Let's see how our model does!

In [None]:
from sklearn.metrics import classification_report as cr, confusion_matrix as cm

In [None]:
print(cm(y_test,y_pred))
print(cr(y_test,y_pred))

Wow! This is actually pretty amazing already! This makes me wonder if the data is from real-life or not =O

Nevertheless, as an exercise, let's try to plot out the decision boundary using just the 2 daily times features!

In [None]:
def plotBoundary(x,classifier):
    x1_max = np.max(x['Daily Time Spent on Site']) + 1
    x1_min = np.min(x['Daily Time Spent on Site']) - 1
    x2_max = np.max(x['Daily Internet Usage']) + 1
    x2_min = np.min(x['Daily Internet Usage']) - 1

    xx1,xx2 = np.meshgrid( np.arange(x1_min,x1_max,0.1), np.arange(x2_min, x2_max,0.1))
    features = np.array([xx1.ravel(), xx2.ravel()]).T
    predictions = classifier.predict(features).reshape(xx1.shape)
    plt.contour(xx1,xx2,predictions);

In [None]:
plotBoundary(x,pipe)
sns.scatterplot(x = 'Daily Time Spent on Site', y = 'Daily Internet Usage', data = x_test, hue = y_test);

As expected, we managed to capture most of the points, except for the outliers mentioned previously.
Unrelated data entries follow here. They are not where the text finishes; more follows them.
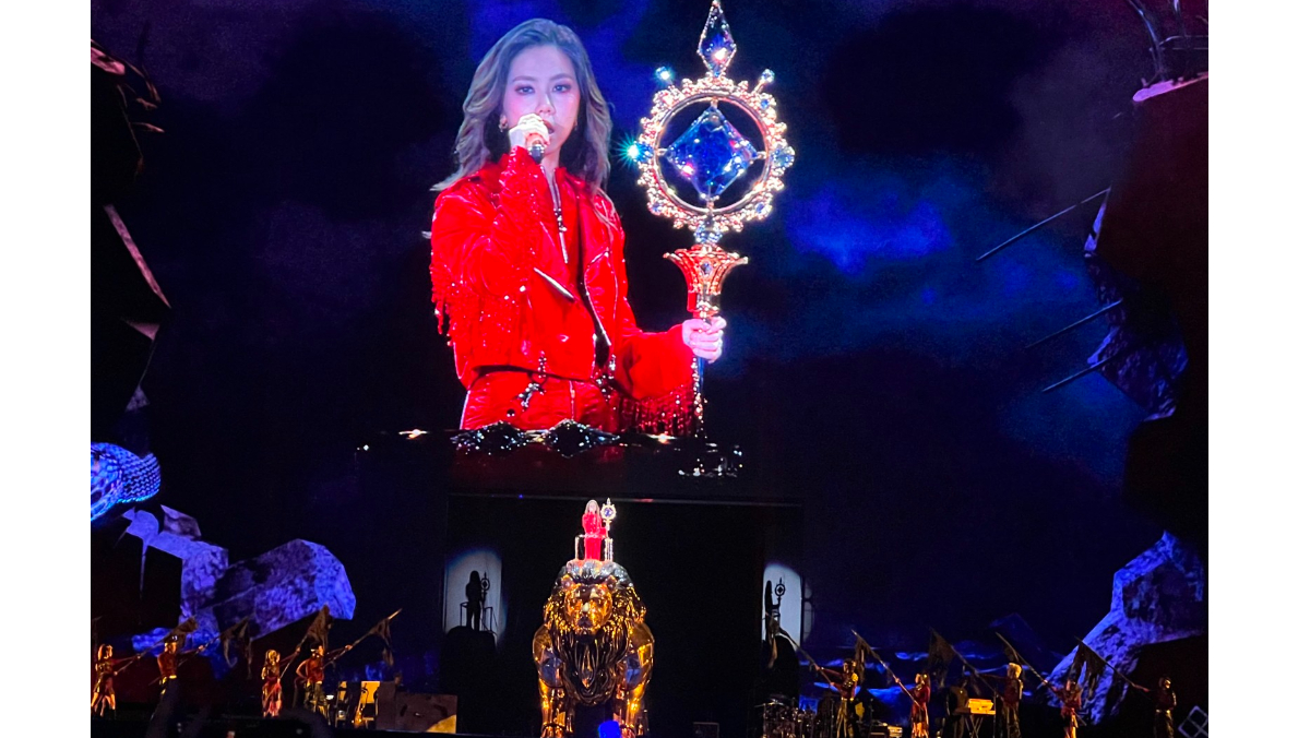 鄧紫棋「I AM GLORIA世界巡迴演唱會2.0」今(4╱9) 起一連4天在台北大巨蛋開唱,16張門票一開賣就秒殺,票房狂捲6.85億元,更創下第1位攻大巨蛋的香港女歌手紀錄,今她以一身紅色戰袍小露蠻腰、拿著權杖騎著金獅登場,高喊「Taipei」揭開序幕,一連演唱3首歌展現鐵肺歌后功力。
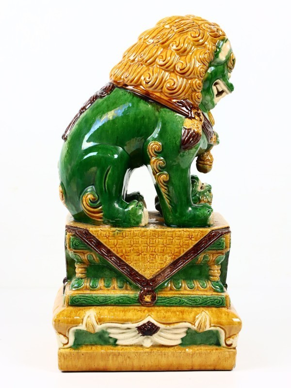 Onder de voorpoot houdt de linker leeuw een welp, symbool voor bescherming van het nageslacht en zorg voor de familie. De houding van de leeuw is dynamisch en gespierd, de manen zijn rijk gedetailleerd met levendige glazuuraccenten die de expressie van kracht en waakzaamheid versterken.
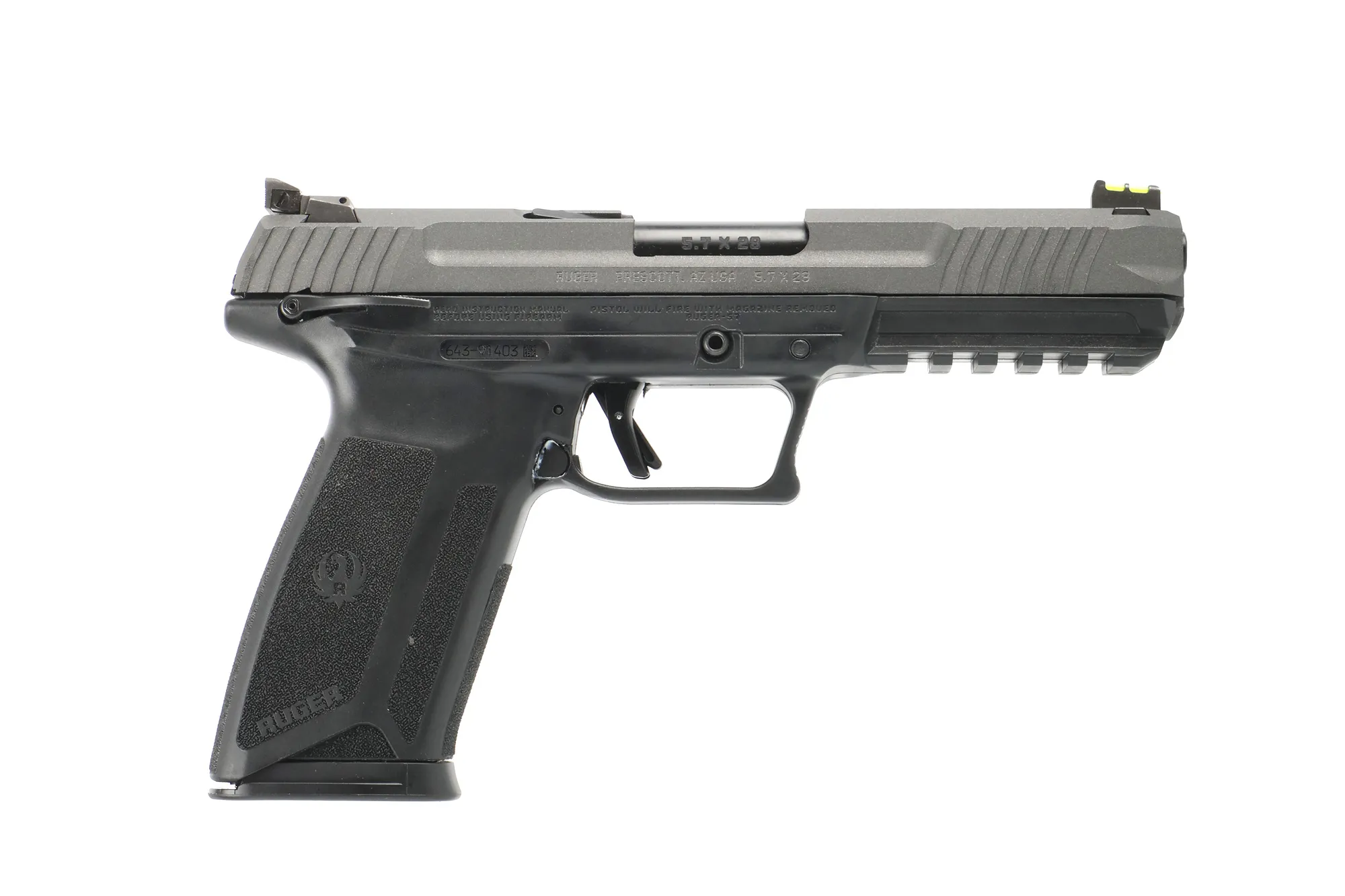 The Ruger-57 Pistol offers cutting-edge performance in a sleek and modern design. Chambered in 5.7 x 28mm, this semi-automatic handgun delivers exceptional accuracy and high-capacity functionality with a 20+1 round capacity. Featuring a cobalt slide finish, fiber optic front sights, adjustable rear sights, and a lightweight polymer frame, this firearm is built for precision and comfort. Additional features include a Picatinny-style accessory rail, reversible magazine release, and a visual inspection port, making it perfect for both tactical and recreational shooting. The Ruger-57 Pistol is an excellent choice for those seeking advanced capabilities and reliability in a compact form factor.

The linear decision boundary appears to be a pretty good fit!

### Classification (KNN)

Let's try to use the K Nearest Neighbors Classifier this time!

In [None]:
from sklearn.neighbors import KNeighborsClassifier
from sklearn.model_selection import GridSearchCV

In [None]:
pipe2 = Pipeline([
    ('scaler', StandardScaler()),
    ('clf', KNeighborsClassifier())
])

param_grid = {
    'clf__n_neighbors': list(range(5,55,5))
}

grid = GridSearchCV(pipe2, param_grid = param_grid, cv = 5)


In [None]:
grid.fit(x_train,y_train)

In [None]:
print(grid.best_params_)
print(grid.best_score_)

Looks like 25 neighbors is the best choice out of the given range! 

In [None]:
y_pred2 = grid.predict(x_test)
print(cm(y_test,y_pred2))
print(cr(y_test,y_pred2))

In [None]:
plotBoundary(x,grid)
sns.scatterplot(x = 'Daily Time Spent on Site', y = 'Daily Internet Usage', data = x_test, hue = y_test);

That's a cool-looking boundary =) But unfortunately, this has caused us to miss out some points near the boundary (compare this against the logistic regression case and we see that there are a few orange points very close to the boundary; they were classified correctly previously, but now they are incorrectly classified)

Overall, I think this is a pretty kind dataset because we didn't need to do any data cleaning, and some features were already strongly correlated so it was pretty easy to pick out the important ones! Hope you enjoyed the read!